Novela

Cuando llevábamos un sueño en cada trenza

Eugenio Suárez-Galbán

15 noviembre, 2007 01:00

Kailas. Madrid, 2007. 226 páginas, 16’90 euros

Eugenio Suárez-Galbán es más conocido en el mundo de la filología por sus trabajos de investigación y crítica que por sus ocasionales incursiones en la creación literaria. Como muchos profesores de literatura, ha dado con algunos títulos la impresión de haber vivido bastantes años haciendo coexistir su actividad oficial con su vocación íntima. Cuando llevábamos un sueño en cada trenza es obra de un escritor con múltiples lecturas, que erige su historia, sobre todo, como una cuidada construcción verbal. Todos los capítulos son otros tantos monólogos de diversos personajes femeninos -Puri, Pili, Trini...-, amigas desde la infancia y que van desvelando su "lucha por la vida" cuando se reúnen en el bar de Lucio -que funciona aquí como espacio común a la manera del café de doña Rosa en La colmena-, otro personaje cuyos monólogos interiores completan las informaciones de las mujeres y aportan nuevos datos y puntos de vista. Al margen del bar -y con un encaje un tanto caprichoso-, los monólogos de una anciana monja, la hermana Patrocinia, que fue maestra durante muchos años y que es hija de un represaliado político, permiten retrotraer algunas informaciones hasta tiempos anteriores a la guerra civil y los años de la represión subsiguiente. Los encuentros entre las amigas ayudan a trazar un panorama de la sociedad actual en algunos de sus aspectos: el acceso progresivo de la mujer al trabajo, la precariedad de muchas relaciones personales, la inmigración... Los destinos de las jóvenes son diversos y hasta divergentes, si se piensa, por ejemplo, en que Pili acaba como policía municipal mientras que Puri se dedica a la prostitución. Estos distintos caminos deberían tal vez haberlas diferenciado más, pero lo cierto es que, salvo por sus acciones, todas se parecen, y ello porque al autor le ha preocupado sobre todo la caracterización idiomática.

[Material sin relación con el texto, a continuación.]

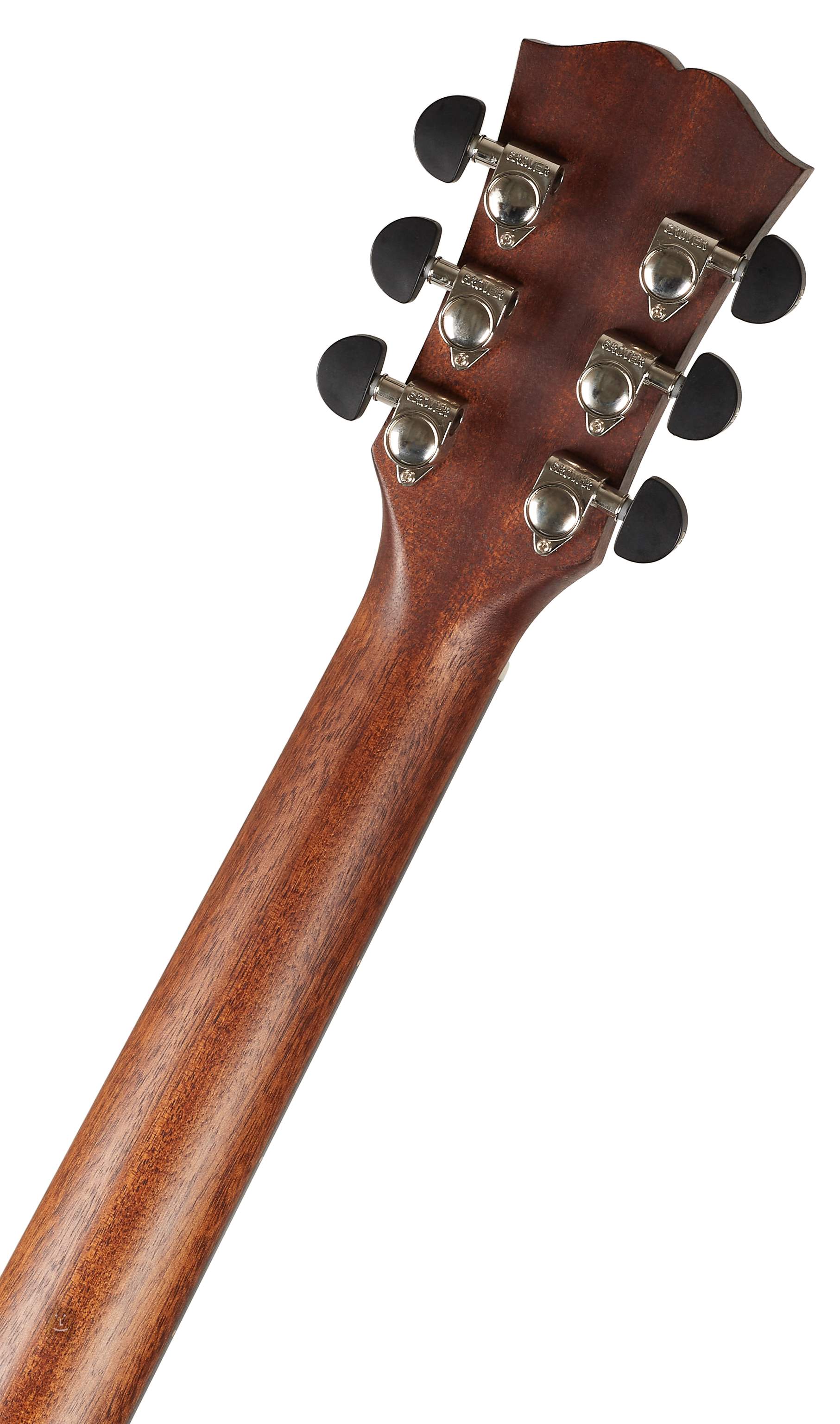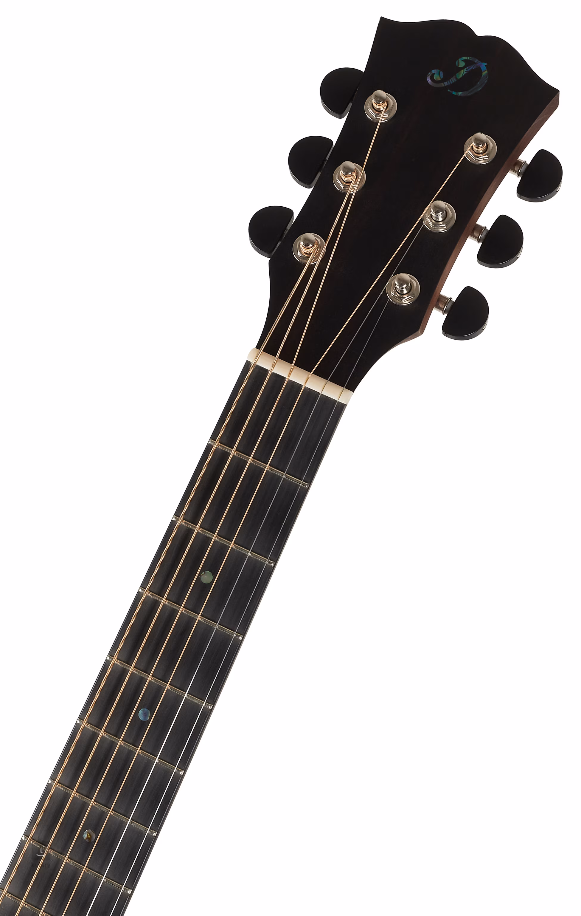 Ein ebonisiertes Hartholz-Griffbrett ist auf den Nato-Hals geleimt, der wegen seiner ähnlichen Eigenschaften als östliches Mahagoni" bezeichnet wird. Die Stimmstabilität wird durch die Befestigung der Saiten über den Knochen-Nullbund in der Grover-Mechanik und das Hartholz-Griffbrett gewährleistet. Die schöne Verarbeitung wird durch das Sunburst-Finish der Decke und Details in Form von Mahagoni-Randeinfassungen, Decken- und Bodenplatte mit Fischgrätenmuster, Zierrosette, Perlmutt-Firmenlogo auf der Kopfplatte (Abalone) und Perlmutt-Punkte auf dem Griffbrett unterstrichen.

El registro -con la excepción de los monólogos evocadores de la monja- es marcadamente coloquial y hasta vulgar. Además de los crudos laísmos y loísmos de casi todos los personajes -no de la monja, claro está-, el léxico abunda en vocablos barriobajeros y en palabras de moda encastradas en el irrestañable discurso oral de los personajes: molar, tronco, -a, flipar, las titis, trolar, chapear, demasié, etc. Es curioso que recursos frecuentísimos del habla coloquial de hoy, como el uso casi exclusivo del prefijo super- para el incremento superlativo, hayan quedado al margen. El caso es que, salvado el carácter documental que esta obra tendrá dentro de unos años para acreditar el uso de formas idiomáticas que, en gran parte, se habrán desvanecido, el error al utilizarlas para la caracterización lingöística es precisamente su demasía. Nadie habla con tal acumulación de formas coloquiales. Es su densidad en el discurso, la desmedida frecuencia de su aparición lo que acaba proporcionándoles una sombra de inverosimilitud, de artificio que, pretendiendo reflejar una realidad, la distorsiona. No es creíble que Pili, al narrar la cruel broma de que ella y sus amigas fueron objeto y hablar de "los muy cabrones", de que "se habían pirado", de un hombre "acojonado" y unos "munis" (o policías municipales), añada que "la Puri empezó a sollozar" (p. 54) ¿Quién utilizaría ese verbo en tal contexto? En este plano de construcción idiomática, de creación de un friso de personajes y de historias apoyada en el lenguaje, residen el mayor mérito y, a la vez, los puntos flacos de la novela. La uniformidad lingöística lo iguala todo, actúa como un corsé que ciñe a los personajes -hay que repetir que con la excepción de la monja, el personaje más hondo, cuya historia va descubriéndose poco a poco- y les impide diferenciarse de un modo adecuado.